🚀

🚀

Navigate back to the homepage
Work with me!

Python Celery for first time users

Wojtek Kulikowski
November 30th, 2019 · 4 min read

This is the blogpost I would love to read a year ago when I was first asked to integrate Stripe into our Django app. My introduction to asynchronous world of Python was rough, but it doesn’t have to be. Enjoy the ride! 🏄🏻‍♂️

What is Celery and why do I need it?

Formal definition of Celery states that it is a distributed task queue, focused on real-time processing, while also supporting task scheduling. 1

But what does it really mean? Let’s break it down:

  • distributed - the system can run on a remote machine, independently from the client requesting tasks
  • task - an instruction (in form of a Python function) delegated from the client to the Celery
  • queue - tasks requested by the client are stored in queue and executed by workers picking them up

Essentially, Celery is being used to offload the WSGI server which should handle http requests as quickly as possible.
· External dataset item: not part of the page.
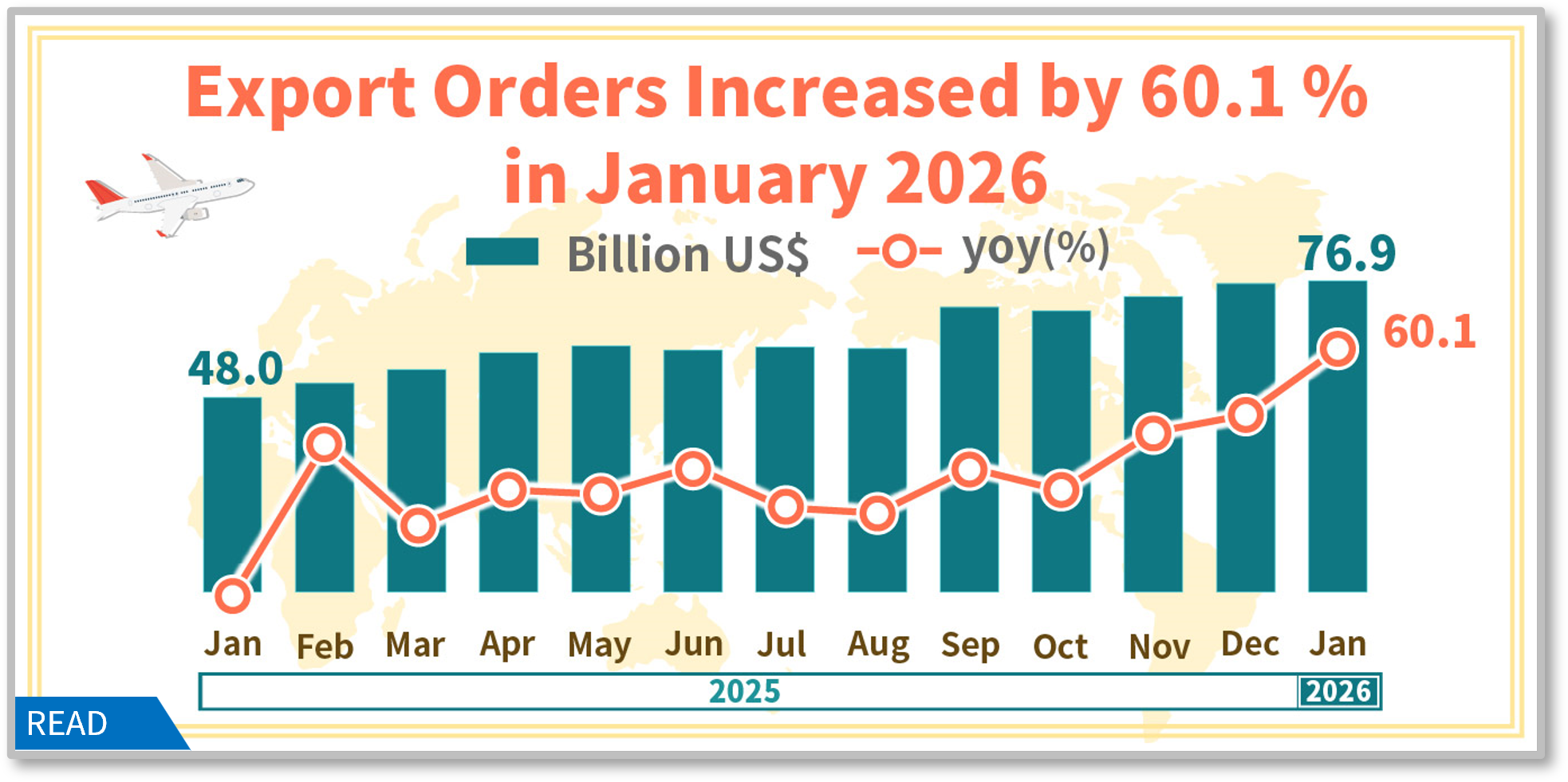 The export orders were US$76.9 billion in January 2026 and increased by 60.1% compared with the same month in 2025. In NT Dollars, the export orders were NT$2,425.7 billion and increased by 53.6% on a year-on-year basis.

Every compute- or time- heavy action should be put on the queue instead of being handled in the main process. If the user doesn’t need to get their response immediately, it makes a perfect candidate for a task put on the Celery queue. Some standard examples include:

  • sending an email
  • making a request to an external APIs like Stripe or AWS
  • performing a compute heavy database query

But why can’t we just use our powerful multi threaded CPU to handle this tasks? Where is the event loop when we need it? The answer is simple - Python is not really an asynchronous friendly language and most popular web frameworks like Django and Flask will have yet to come a long way to achieve their full asynchronous potential.

Why isn’t Python async friendly?

The short answer is: it is now The longer answer is: it wasn’t always like that.

First proposal for integrating asyncio is dated to 2012, over 20 years after first language release! Since introduction of the event loop in Python 3.5 it is possible to handle incoming http requests asynchronously, but not all web frameworks are ready to implement the async / await into their middlewares.

Django with the release of 3.0 officially includes ASGI support, but this came only in December 2019 and there is still much more to be done before Django apps handle asynchronous requests out of the box.

Another problem with Python, although not necessarily breaking the async features is limitation to running only on one thread at a time. One of the assumptions behind CPython (the most widely used implementation of Python) is to be easily extendible with C libraries, even not thread-safe ones 2. To achieve that, CPython makes use of GIL - Global Interpreter Lock. In simple words - it makes Python always use only one thread at the time, by design.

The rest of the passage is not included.